EP 1 310 367 A1 describes cleaning devices with cleaning lips with which the inkjet print heads can be wiped off. The cleaning devices are arranged in associated housings. They are borne on an axle via which the cleaning devices can be rotated out of the housing in order to be able to clean the print heads. If the cleaning devices are moved back into their housing, the cleaning lips are directed along a stripper in order to clean these.

SUMMARY

It is an object to specify a cleaning device for an apparatus (for example for an ink printing apparatus) via which components of the apparatus can be substantially completely cleaned of deposits (for example of ink residues).

In a device to clean a component of deposits, at least one first nozzle unit is positioned to spray a fluid at an angle onto a surface of the component that is to be cleaned, the first nozzle unit being provided opposite a border region of the surface of the component that is to be cleaned.
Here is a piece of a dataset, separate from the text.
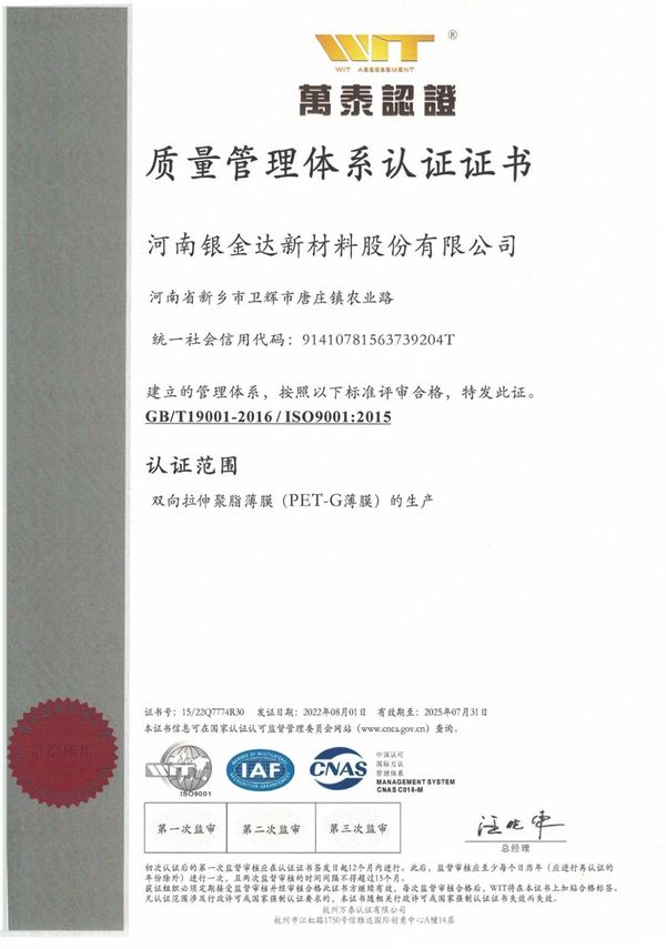 質(zhì)量管理體系認(rèn)證證書
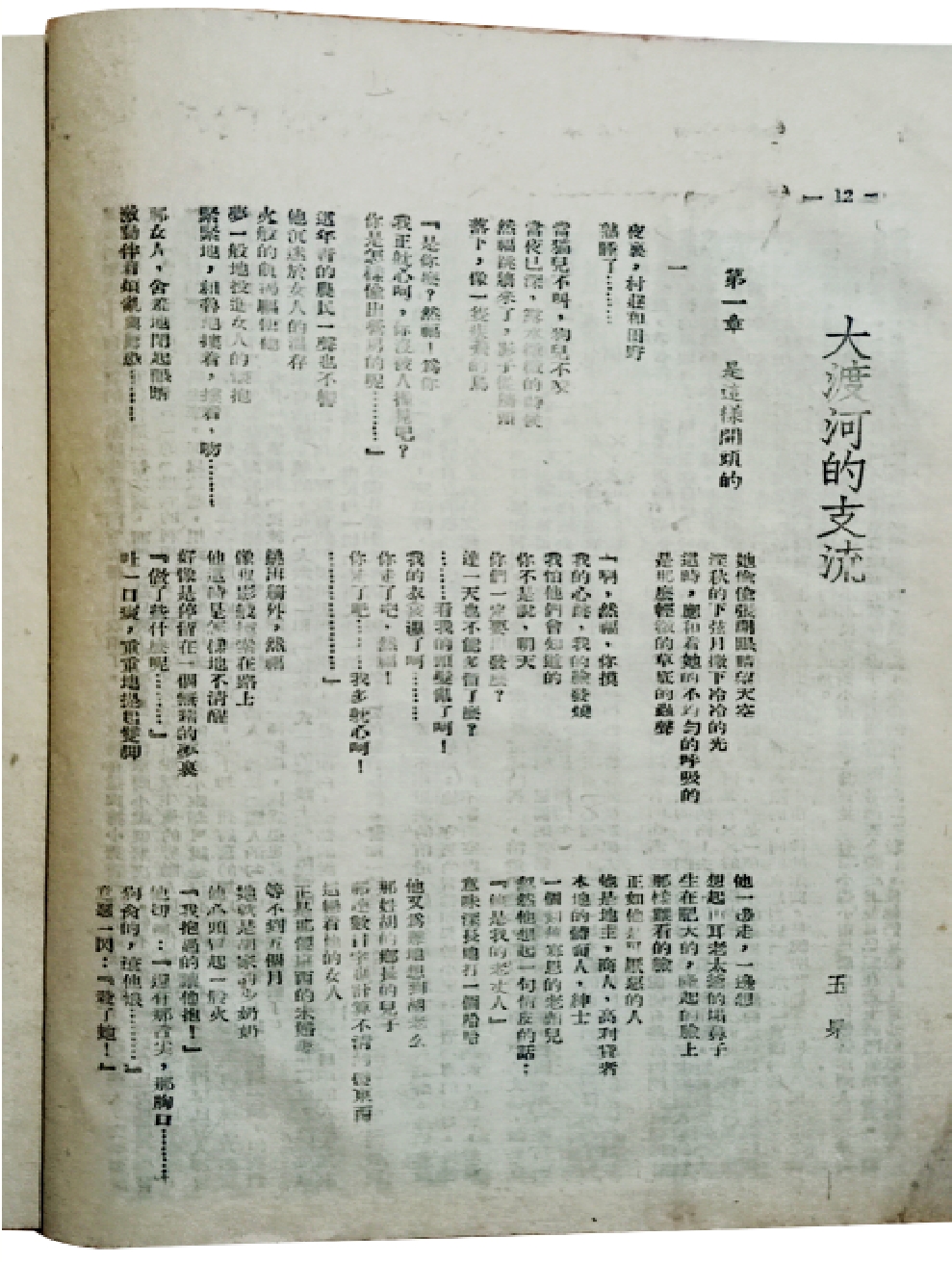 1945年6月,在重庆出版的《文艺杂志》第一卷第二期,刊发了一部长篇叙事诗《大渡河的支流》。长诗通过叙述女主人公琼枝的悲惨遭遇,控诉了那个时代广泛存在于中国社会的不合理婚姻制度。

At least one second nozzle unit generates a flow of a gaseous medium over the surface to be cleaned and is provided adjacent to an edge of the border region of the surface of the component that is to be cleaned.

BRIEF DESCRIPTION OF THE DRAWINGS

FIG. 1 is a principle representation of a printing unit with a print bar in a cleaning position;

FIG. 2 is a principle representation of a cleaning device in front view;

FIG. 3 is a further principle representation of the cleaning device according to FIG. 2, in side view;

FIG. 4 is a principle representation of the cleaning device according to FIG. 2, in plan view;

FIG. 5 is a presentation of the cleaning device according to FIG. 2 in plan view, with supply units;

FIG. 6 is a perspective view of the cleaning device according to FIG. 2, with an embodiment of a capture unit for the mixture of cleaning fluid and deposits loosened from the area to be cleaned;

FIG. 7 shows the cleaning device according to FIG. 6 in side view, with the capture unit in section presentation;

FIG. 8 is a perspective representation of the cleaning device according to FIG. 6 from a different viewing direction; and

FIGS. 9 through FIG. 11 are embodiments of a fluid nozzle unit with supply units.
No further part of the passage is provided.